That was in 1971; since then, more than 300 artists have covered this simple, achingly poignant and instantly memorable song, with its immaculate lyrical couplets (“Should have/could have”; “Hold you/told you”).
This alone is testament to the potency of Carson’s composition. But the song has another kind of power: it has survived the stress-testing process of being covered in radically different genres — among them unadorned country, power-balladry and electropop.
The first versions were recorded in 1972 by Brenda Lee who played it straight as a country-pop song, and Gwen McCrae (wife of George “falsetto” McCrae), who brought a soulful quality to her vocal performance. Then along came Elvis. Recorded in March 1972 at RCA’s Hollywood studio, Elvis’s version took “Always On My Mind” to a new level: in a word, it was big — huge, tonsil-rattling vocals, a grandiose strings-and-brass arrangement.
Although it was initially released as the B-side to “Separate Ways”, Presley’s rendition became an instant worldwide hit, its lyrics gaining added poignancy from his recent separation from his wife Priscilla.
And that could have been that, had it not been for Willie Nelson. A decade later he revived the song so successfully — it won him three Grammy awards — that there is now a widespread misconception that he wrote it. Nelson took the song back to its country roots, his almost casual vocal delivery steeped in wistful world-weariness.
Five years later, in 1987, the UK’s ITV television network was planning a programme to mark the 10th anniversary of Elvis’s death. The electro-pop duo, the Pet Shop Boys, chose to cover “Always On My Mind” for the show. Once more, the song displayed its flexibility: over a pulsing high-energy beat and splashing synths, and with singer Neil Tennant’s fey vocals floating across this throbbing wall of sound, their version was a world away from the histrionics of Elvis or the careworn voice of Willie Nelson.

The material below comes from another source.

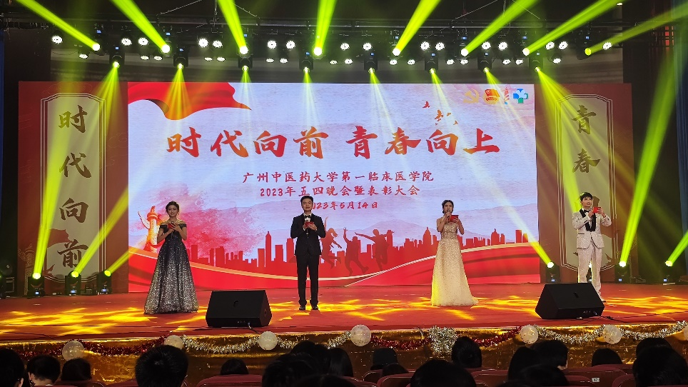 5月14日晚19时,167net必赢入口,167.nt必赢官网2023年“时代向前,青春向上”五四晚会暨表彰大会在我校大学城校区学生活动中心大会堂隆重举行。学校团委副书记王烁,学院党委副书记章遐义,学院党办负责人、团委书记叶升鑑,一附院人事处处长丘惠燕,学院教学处处长方熙茹,一附院医院办公室负责人钟天送,学院学工办副主任李肇宏,学生团委书记池思晓,副处级辅导员刘文红、一附院脑病科医师、研究生班主任林长峰,学院学工办武夏林、南海伦、陈小波、何诗诗、彭力阳等领导老师莅临晚会现场,一院大学城校区各班级学生积极参与了本次晚会。

Still, it was a triumph — so much so that the duo recorded it, and later that year the single went on to occupy the coveted Christmas number one slot.
Last year, in a poll conducted by BBC Music, the Pet Shop Boys’ version was voted the “best cover version of all time”. Careful listeners will also notice that the Pet Shop Boys’ version has a twist on the original: at the end of the chorus, they added an extra chord, a B-flat. Tennant said that the chord “makes it far more like a pop song”.
For devastating simplicity, though, perhaps the best rendition of “Always On My Mind” came from Nelson, on the BBC’s Wogan chat show in 1982 (available on YouTube). His recorded version had had a full backing band but here he was on his own, plucking “Trigger”, his trusty, battered nylon-strung guitar, his voice woody and resonant with regret; the perfect man for a perfect song.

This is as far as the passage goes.